Summary of Content: A manuscript extract from a May 6, 1857 dispatch from British consul at Havana, Joseph T. Crawford, to Lord Clarendon, giving names and tonnage of five American vessels sent to Havana, presumably for the slave trade. The ships are the schooner "Abbot Devereaux," brig "R.B. Lawton," schooner "J.H. Record," barque "Clara B. Williams" and barque "Minetonka." This is followed by a one paragraph update, written in the same hand as the extract, and signed "G.G.," noting the August 1, 1857 capture of the "Abbot Devereaux," with 266 slaves on board, by the HMS "Frazer" and the September 2, 1857 capture of the "Restauracion" by the HMS "Alecto." The excerpt from Crawford's dispatch reads, in part: "Besides the great number of Vessels which it is known have been bought in the Ports of the United States to be employed in Slave Trading, the following American Vessels have been purchased and have come here to be sent to the coast of Africa...The first mentioned cleared for Monrovia [Liberia] - The last mentioned for 'Madagascar,' the others for Boston; All these vessels sail under the flag of the United States until they have got their cargo of slaves on board and most likely even after that they will use American colors, if fallen in with by any of Her Majesty's Cruizers, altho' they have no Papers of nationality whatever on board.
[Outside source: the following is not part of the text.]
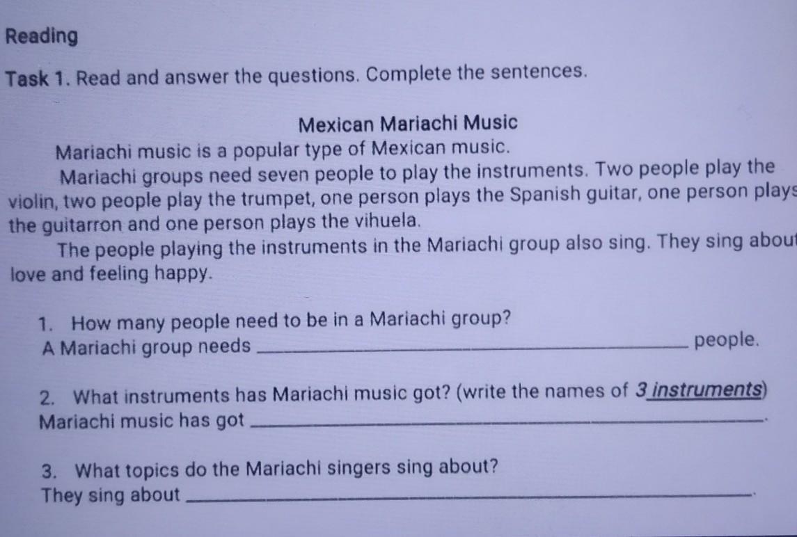 2. What instruments has Mariachi music got? (write the names of 3 instruments)

The Spanish Brig 'Venus' which cleared out in ballast from this Port for Buenos Ayres, is also said to have proceeded to the Coast of Africa for a Cargo of Slaves, as well as the Ship 'Restauracian' from Matanzas." George William Frederick Villiers, Earl of Clarendon was the British Secretary of State for Foreign Affairs. Parts of Crawford's correspondence with him regarding the use of Havana by American-registered ships to further the illegal slave trade were ultimately sent to President James Buchanan, who shared them with Congress. That correspondence reveals the friction between the two nations: British officicals complained that the Americans were not doing enough to police their own ships; the Americans claimed the British were harassing legitimate vessels.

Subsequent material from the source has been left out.